Nando o taconeo en la plaza

Retales

Nando acostumbra a sentarse en uno de los veladores de la plaza mayor de su pueblo al filo del mediodía para deleitarse con un vermú o un vinito.

Allí se juntan unos cuantos ya con cierta edad y comparten sus manías, sus ideas, sus cuchicheos. Y el ir y venir de la gente que atraviesa la plaza. A veces se entretienen en adivinar a dónde van o de dónde vienen. No les resulta difícil; en un pueblo pequeño se conocen casi todos.

La plaza, como casi todas las plazas mayores de antes, luce a su alrededor sus pórticos. La del pueblo de Nando no es muy grande; sólo alberga en cada uno de los cuatro costados unos cinco arcos. Plaza pequeña acorde con el tamaño del pueblo.

En verano los veladores se agolpan bajo los porches para protegerse del calor y de ese sol que quema.

Hoy los veladores están situados entre debajo del porche y el sol. Acaba la primavera, pero ya luce el sol tórrido de verano. Patricio, que se las da de predecir el tiempo, dice que lloverá. Sus contertulios se ríen solo con mirar la esfera de sol que cae impenitente sobre la plaza.

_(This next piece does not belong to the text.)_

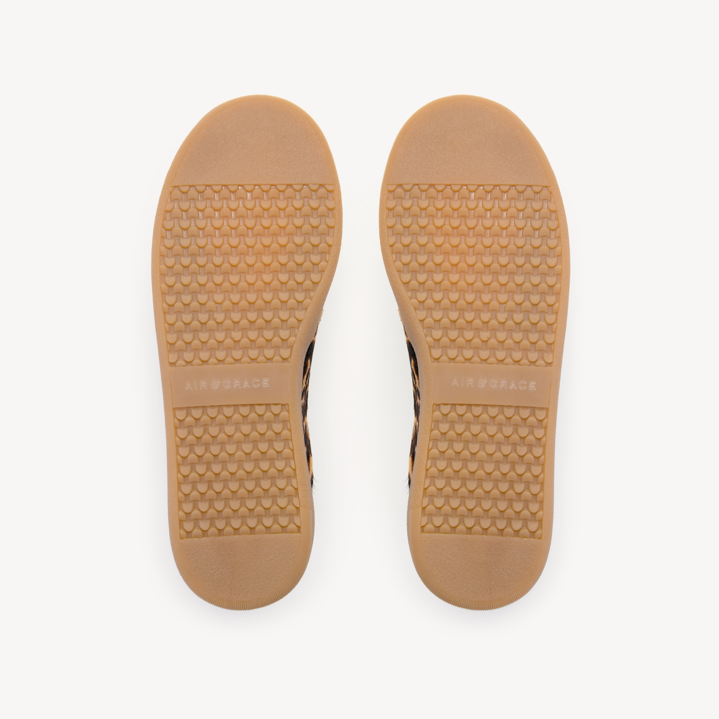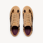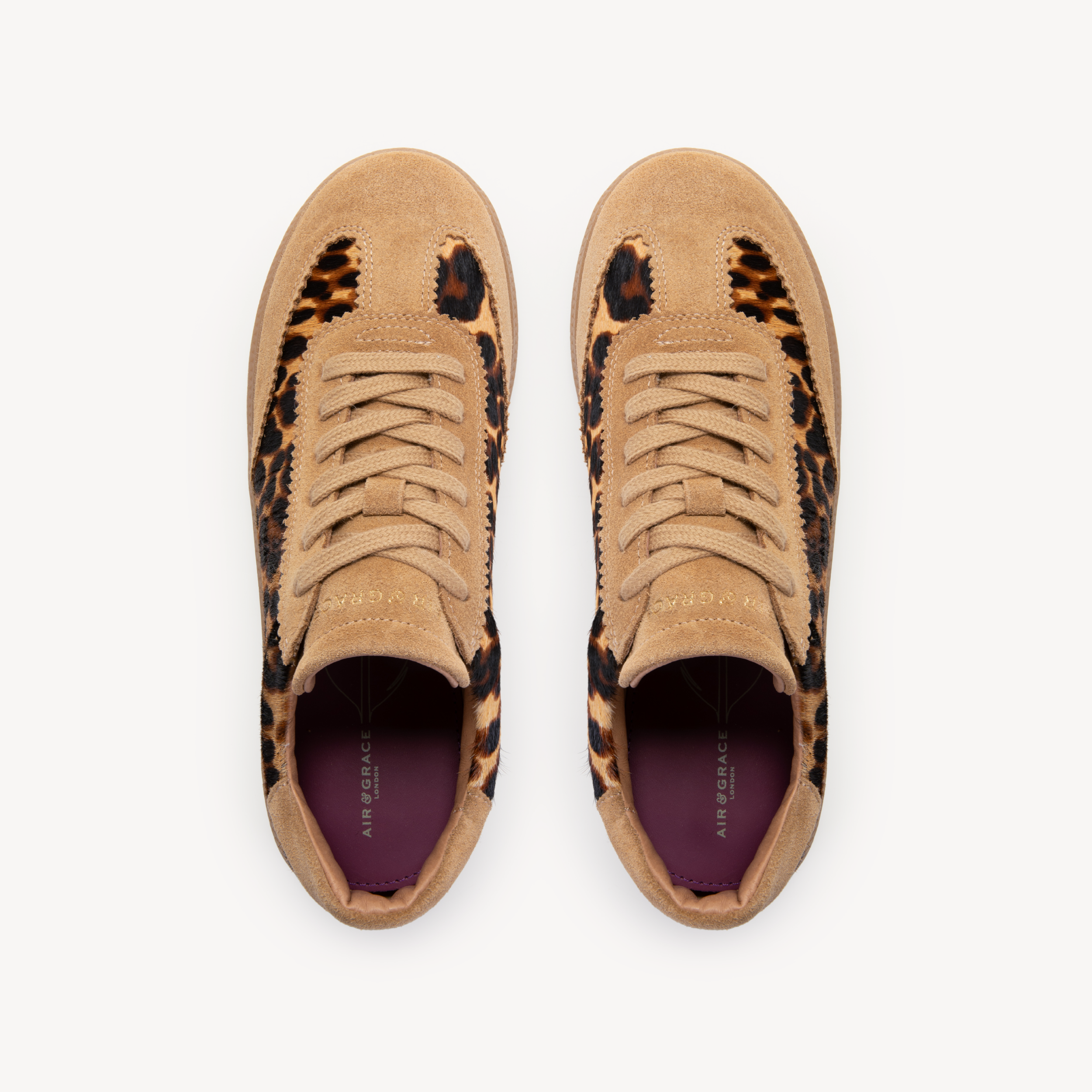 Upper: Leopard print pony hair on leather with camel coloured suede detailing.

De pronto una figura limpia, femenina, ataviada con una falda al vuelo entra en la plaza. Nando dirige la mirada hacia la muchacha. Es Maica, la del Eladio, la menor de sus hijas, de pelo muy negro y de ojos oscuros, brillantes como el azabache.

Ésta escudriña cada lado del cuadrado, geométricamente perfecto que deja en el centro un círculo inscrito, buscando un abrigo bajo pámpanas rojas, pero en la plaza tan solo queda una circunferencia de cemento gris, duro, turbio, sucio…Y de tanta luz como hay, instintivamente, entorna los párpados para que no la hiera.

Y así, con los ojos entrecerrados, arranca un taconeo acompasado con esa rabia joven que suena sobre el cemento gris. La música resuena en todas las paredes, se abren las ventanas… Y esa lluvia que Patricio ha anunciado tan solo hace una media hora, aparece de pronto.

Maica alza la cara al cielo; la lluvia se desliza sobre su rostro, se detiene silente sobre sus finos párpados, todavía entreabiertos, y como perla quieta, deja en sus pestañas una gota de luz transparente. Y su alma rebelde, a pesar de la lluvia, esa alma gitana arranca bajo el agua en largo taconeo en medio de la plaza.

No hay velador que no la esté mirando. Pero ella está ausente.

Cimbrea su cintura, se alarga hasta la cima y su espalda se torna contoneo y respiro.

Se arrebata la falda en un ir hacia arriba, en un caer abajo… Su pelo enmarañado le cubre media cara… Y un grito contenido llena toda la plaza.

Llega un batir de palmas desde los veladores que le hace abrir los párpados.

Sonríe y se detiene. Y se va de la plaza con otro taconeo de ritmo y tesitura que sorprende, arrancando de nuevo otro batir de palmas, esta vez con el ritmo de ese taconeo que se aleja por una de las bocacalles.